Here are all Mardi Gras-related entries

Days Until. . .

Six Days Until Mardi Gras The parades have emphatically taken over the streets of New Orleans, and with them comes the street food. Here is my annual appeal that we have more New Orleans food out there, and less of the kind of stuff you'd see at the state livestock fair in Nebraska. More andouille, crawfish bread, boudin, and fried shrimp. Fewer funnel cakes, Polish sausage sandwiches, and cotton candy. All the restaurants with stands and packages for dining and parade watching are running those programs at full tilt. They get a little more expensive every night, as the parades get better and more densely attended.

Five Days Until Mardi Gras Tonight will always be Momus Night to me. This is the day in the Carnival schedule on which that old, irreverent krewe staged its satirical parades on their old wooden-wheel floats. They were notoriously stingy in their throws (although Comus had them beat in that department). I don't think either my parents or I ever planned on going to Momus, but we always seemed to be there that night. They're still around holding their private celebrations, but were pushed out of parading by political issues. I raise a toast to Momus tonight, from out here in the Caribbean Sea, somewhere between Guatemala and Belize.

We have entered the last five days of the Carnival season, during which the madness, debauchery, fun, overindulgence, spectacle, and abandon reach their peaks. At the major restaurants in the French Quarter, people who have lavish lunches together every Friday before Mardi Gras will do so in such numbers that you shouldn't even think of going to one of them without heavy prior arrangements. The tables at lunch today at Galatoire's, for example, were auctioned off for just short of $100,000 (the money went to charity). Antoine's expects to serve arund 1300 people today, and Arnaud's will be a packed house too. After those meals are served, a curious thing happens: the better restaurants in the French Quarter and elsewhere start closing, not to reopen until Ash Wednesday or even Thursday. The worst day of all is Mardi Gras itself, when it's hard to find a place to eat until the evening--and it's not easy even then. This has always puzzeld us. The Carnival season is supposed to be about indulging the senses one last time before the privations of Lent. But, really, it's the worst time to attempt eating well in New Orleans. Hot dogs, cotton candy, king cake, and boxes of cold fried chicken take over. There's something wrong with this, we've always thought.

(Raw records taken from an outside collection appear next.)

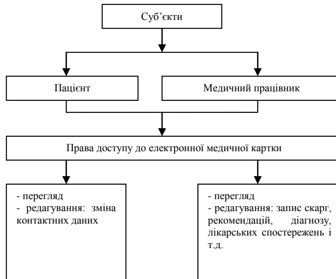
Рис. 2. Структура прав доступу суб'єктів до ПМДн

Взаємозв'язок суб'єктів та відповідних їм вповноважень над об'єктами і конфіденційними даними показаний на рис. 2.
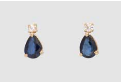
215 | PAAR EDELSTEIN-OHRSTECKER Gelbgold. 1,0 x 0,5 cm, Ges.-Gew. ca. 1,6 g. Gest. 750. Jeweils ein tropfenförmig facettierter Saphir, zus. ca. 1,30 ct., jeweils ein Brillant, zus. ca. 0,10 ct. Minimalst besch. € 360,-
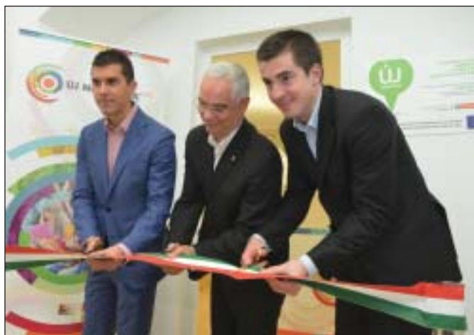
Mihalovics Péter miniszteri biztos, Balog Zoltán, az emberi erőforrások minisztere és Kocsis Máté, Józsefváros polgármestere

Mihalovics Péter, az új nemzedék jövőjéért felelős miniszteri biztos arról szólt, hogy az elmúlt két évtized legnagyobb ifjúsági fejlesztése valósulhat meg. A program fontos elemeként a szolgáltatások bővítését emelte ki, hogy az élet teljes területén tudjanak tanácsokkal szolgálni a fiataloknak, megkönnyítve a tanulás utáni önálló életkezdést. Az irodákban négy fiatal tanácsadó várja majd a diákokat, hallgató-

Four Days Until Mardi Gras Today at Galatoire's, the contrast between formality and tomfoolery reaches its annual high for the New Orleans restaurant community. At eleven-thirty, the doors open to admit only those who were the high bidders at a charity auction a few weeks ago. They will jam the place instantly, and set about consuming unusual (even for Galatoire's) quantities of cocktails and wine. The noise level will rise to ear-splitting, the waiters will weave through the tables doing their best to deliver the soufflee potatoes, fried eggplant, and Galatoire goutes. A large number of people will be in semi or full costume. It will be dusk by the last member of this this jolly society heads for home. The restaurant will regroup and keep going until normal closing time, when it will retire from the scene until Ash Wednesday.